Records for the exercise →
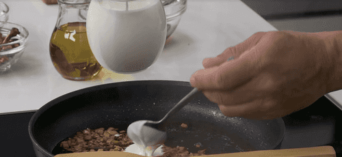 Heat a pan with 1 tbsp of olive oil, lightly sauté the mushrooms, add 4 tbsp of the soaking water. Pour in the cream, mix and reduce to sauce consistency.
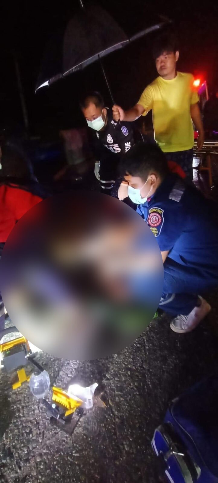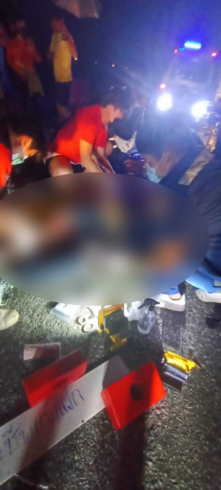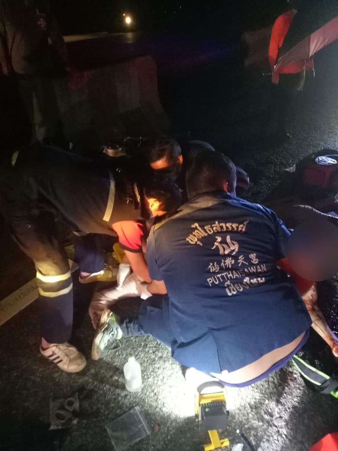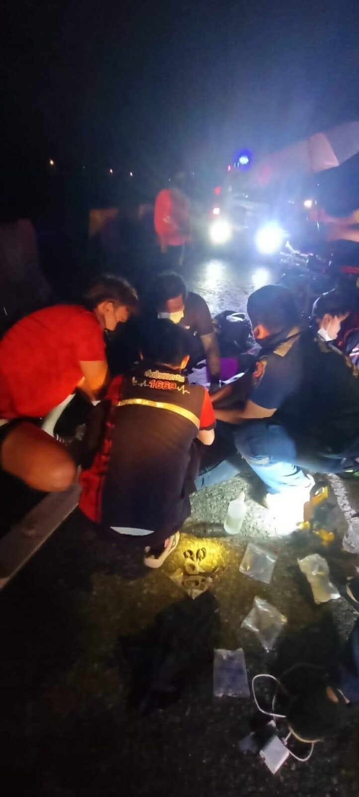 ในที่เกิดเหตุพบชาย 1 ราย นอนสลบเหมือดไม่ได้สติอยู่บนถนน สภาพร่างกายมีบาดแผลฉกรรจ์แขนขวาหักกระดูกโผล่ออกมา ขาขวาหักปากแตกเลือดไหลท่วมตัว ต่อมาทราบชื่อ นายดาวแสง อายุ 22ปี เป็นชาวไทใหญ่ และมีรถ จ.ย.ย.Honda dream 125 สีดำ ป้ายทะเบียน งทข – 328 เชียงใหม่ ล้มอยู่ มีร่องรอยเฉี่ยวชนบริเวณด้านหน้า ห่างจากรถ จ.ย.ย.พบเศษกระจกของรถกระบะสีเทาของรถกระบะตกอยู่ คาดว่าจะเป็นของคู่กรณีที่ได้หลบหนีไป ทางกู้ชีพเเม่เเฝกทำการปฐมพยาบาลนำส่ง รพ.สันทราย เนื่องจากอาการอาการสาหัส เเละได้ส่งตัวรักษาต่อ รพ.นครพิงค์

---

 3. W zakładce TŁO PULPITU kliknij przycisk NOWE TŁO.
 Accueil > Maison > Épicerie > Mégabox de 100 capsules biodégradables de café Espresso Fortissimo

Work order →
Pictures in the entries do not go into the copy. Print only the lines starting at the one containing "Heat a pan with" and ending at the one containing "ในที่เกิดเหตุพบชาย 1 ราย", exactly as they appear.

Exercise response →
 Heat a pan with 1 tbsp of olive oil, lightly sauté the mushrooms, add 4 tbsp of the soaking water. Pour in the cream, mix and reduce to sauce consistency.
 ในที่เกิดเหตุพบชาย 1 ราย นอนสลบเหมือดไม่ได้สติอยู่บนถนน สภาพร่างกายมีบาดแผลฉกรรจ์แขนขวาหักกระดูกโผล่ออกมา ขาขวาหักปากแตกเลือดไหลท่วมตัว ต่อมาทราบชื่อ นายดาวแสง อายุ 22ปี เป็นชาวไทใหญ่ และมีรถ จ.ย.ย.Honda dream 125 สีดำ ป้ายทะเบียน งทข – 328 เชียงใหม่ ล้มอยู่ มีร่องรอยเฉี่ยวชนบริเวณด้านหน้า ห่างจากรถ จ.ย.ย.พบเศษกระจกของรถกระบะสีเทาของรถกระบะตกอยู่ คาดว่าจะเป็นของคู่กรณีที่ได้หลบหนีไป ทางกู้ชีพเเม่เเฝกทำการปฐมพยาบาลนำส่ง รพ.สันทราย เนื่องจากอาการอาการสาหัส เเละได้ส่งตัวรักษาต่อ รพ.นครพิงค์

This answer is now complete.